If you are given $t=a_0+a_1r+\dots+a_{n-1}r^n\in F(r)$, $t\ne0$, then you know that the map $u\mapsto tu$ is invertible. Then you can find its matrix with respect to the basis $\{1,r,\dots,r^{n-1}\}$ by taking $t,tr,\dots,tr^{n-1}$ (using the minimal polynomial to reduce higher powers).
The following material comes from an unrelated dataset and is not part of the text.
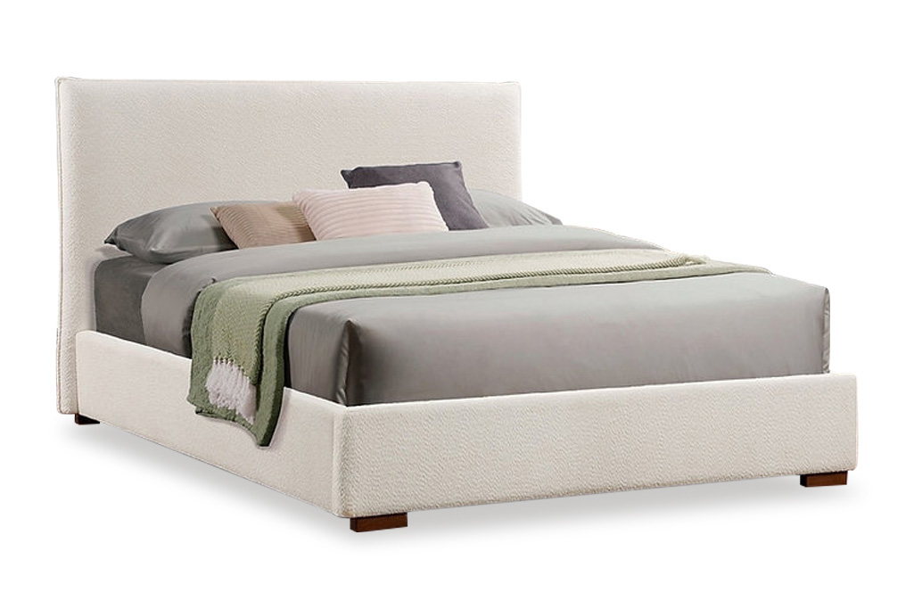 Sleek and contemporary bed that exudes both style and comfort. This modern upholstered bed features a stunning light beige boucle fabric that offers a soft, textured surface, adding a touch of sophistication to any bedroom.

Find the matrix inverse and you're done, because the inverse is the image of the element $1$, whose coordinate vector is $\left[\begin{smallmatrix}1\\0\\0\end{smallmatrix}\right]$, so you just take the first column of the matrix.
Example for your case: the minimal polynomial is $x^2-2$; then the elements you need are $(a+b\sqrt{2})1$ and $(a+b\sqrt{2})\sqrt{2}=2b+a\sqrt{2}$. Thus the matrix is \begin{bmatrix} a & 2b \\ b & a \end{bmatrix} whose inverse is $$ \frac{1}{a^2-2b^2}\begin{bmatrix} a & -2b \\ -b & a \end{bmatrix} $$ and the first column will give the required inverse, namely $$ \frac{a}{a^2-2b^2}-\frac{b}{a^2-2b^2}\sqrt{2} $$ The same would do for $r=\sqrt[3]{2}$ and $t=a+br+cr^2$. The elements to compute are $$ a+br+cr^2,\quad (a+br+cr^2)r=2c+ar+br^2,\quad (a+br+cr^2)r^2=2b+2cr+ar^2 $$ so the matrix is $$ \begin{bmatrix} a & 2c & 2b \\ b & a & 2c \\ c & b & a \end{bmatrix} $$ The inverse matrix is $$ \frac{1}{a^3+2b^3+4c^3-6abc} \begin{bmatrix} a^2-2bc & 2b^2-2ac & 4c^2-2ab \\ 2c^2-ab & a^2-2bc & 2b^2-2ac \\ b^2-ac & 2c^2-ab & a^2-2bc \end{bmatrix} $$ so the inverse is $$ \frac{a^2-2bc}{a^3+2b^3+4c^3-6abc}+ \frac{2c^2-ab}{a^3+2b^3+4c^3-6abc}\sqrt[3]{2}+ \frac{b^2-ac}{a^3+2b^3+4c^3-6abc}\sqrt[3]{4} $$ Of course this is easier if you have explicit $a,b,c$.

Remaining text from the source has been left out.